# Can I change the SSD in Asus Taichi 21?



## 1nf3rn0x (Apr 24, 2014)

Just wondering if it is possible to put a larger ssd in this ultrabook? This is the ssd in currently.


----------



## MxPhenom 216 (Apr 24, 2014)

Should be able to yes, as long as its 7mm thick.


----------



## 1nf3rn0x (Apr 24, 2014)

MxPhenom 216 said:


> Should be able to yes, as long as its 7mm thick.


As long as what is 7mm thick? The actual drive itself?

Is this a viable drive? http://ijk.com.au/branch/ijk/product_info.php?cPath=27_553&products_id=146789

I done some more snooping 
	

	
	
		
		

		
		
	


	





"The SSD, which is roughly the size and shape of a stick of gum, is replaceable, but it doesn't use the standard mSATA form factor or connector—both the shape of the drive and the connector are nearly identical to the non-standard SSDs that Apple uses in its MacBook Airs, though AnandTech points out that the two aren't actually compatible. Replacing this SSD after purchase is going to be more difficult and expensive than it would be had the laptop gone with a standard drive."


So, what do?


----------



## 4ghz (Apr 24, 2014)

Probably not. That uses mini SATA (mSATA) connector and is meant to be installed on computers that already comes with SSD.  Computers that comes with hard drive can't fit that without an adapter like this:





The adapter comes with holder for 27mm, 50mm, and 70mm long mSATA SSD.  You can find them on eBay (risky and likely unreliable) or from some reputable sources for a hefty price. You should look for standard 2.5" SATA SSD, while observing the max thickness.  This is what I have in my laptop: http://www.newegg.com/Product/Product.aspx?Item=N82E16820168089 (my laptop is only SATA2 but I can transfer if I get a new laptop).

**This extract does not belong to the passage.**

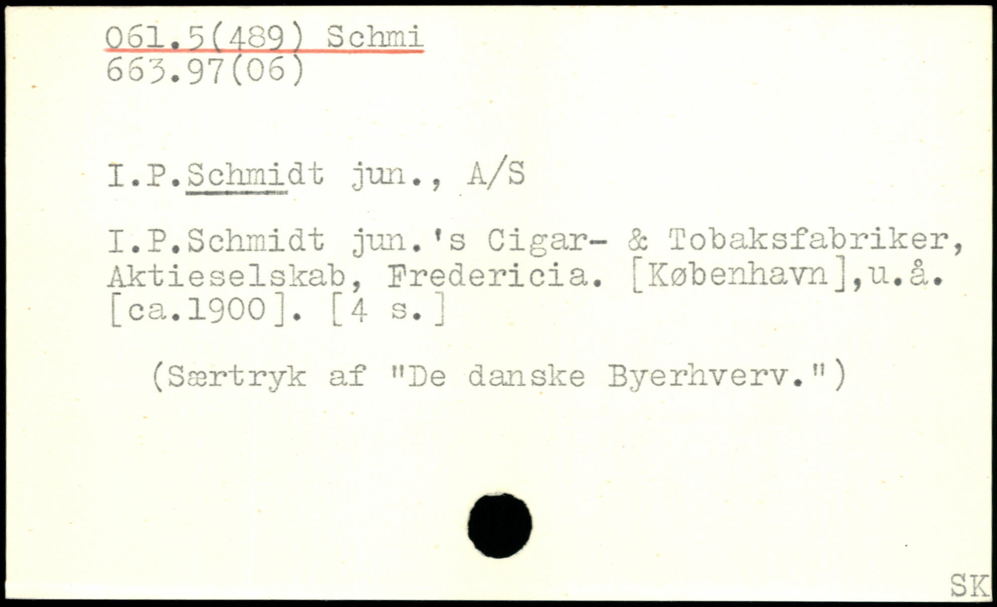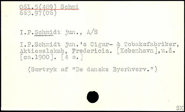 I.P.Schmidt Jun., A/S I.P.Schmidt jun.’s Cigar- & Tobaksfabriker, Aktieselskab, Fredericia.
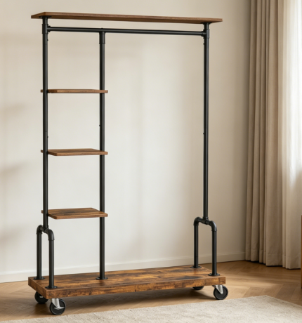 Double Rod Clothes Rack with Wheels and Shelf, Metal Garment Organizer

I was able to move the OS easily. First I ran disk optimizer to force optimizing free space, that would move all the files into one area of the hard drive.  Then using compmgmt.msc (in run box) clicked on storage -> disk management and right-clicked on the hard drive to be replaced and used shrink. I was able to shrink it less than 256GB (you only need to shrink smaller than the new SSD so it'd fit).  next using Windows backup, I copied the entire C: onto an external USB hard drive.  Shut the laptop down, removed the old hard drive, installed the new SSD, put the Windows 7 CD I used originally on this laptop, booted it up and it loaded Windows 7 setup. I used the restore option and had it restore from the external USB hard drive, it'd set the new SSD automatically and when it's done, you should be able to boot right into new SSD as normal (much faster too!!!)  Go back to compmgmt.msc and go to the new hard drive and expand it to fill every MB of free space so you'd have a full SSD. You may be missing 100MB at the start, it is for important Windows stuff, leave it.

My laptop is a larger 17" model with space for 2 hard drives, I moved the old 500GB onto the second spot for data (mp3, anime, etc) and my laptop is much zippier. Do search for optimizing SSD for Windows, moving page file to only the mechanical drive (or disable page file) for example, disable hibernate if you don't need it to free up a few GB, turn off prefetching and other stuff as those aren't useful on SSD.


----------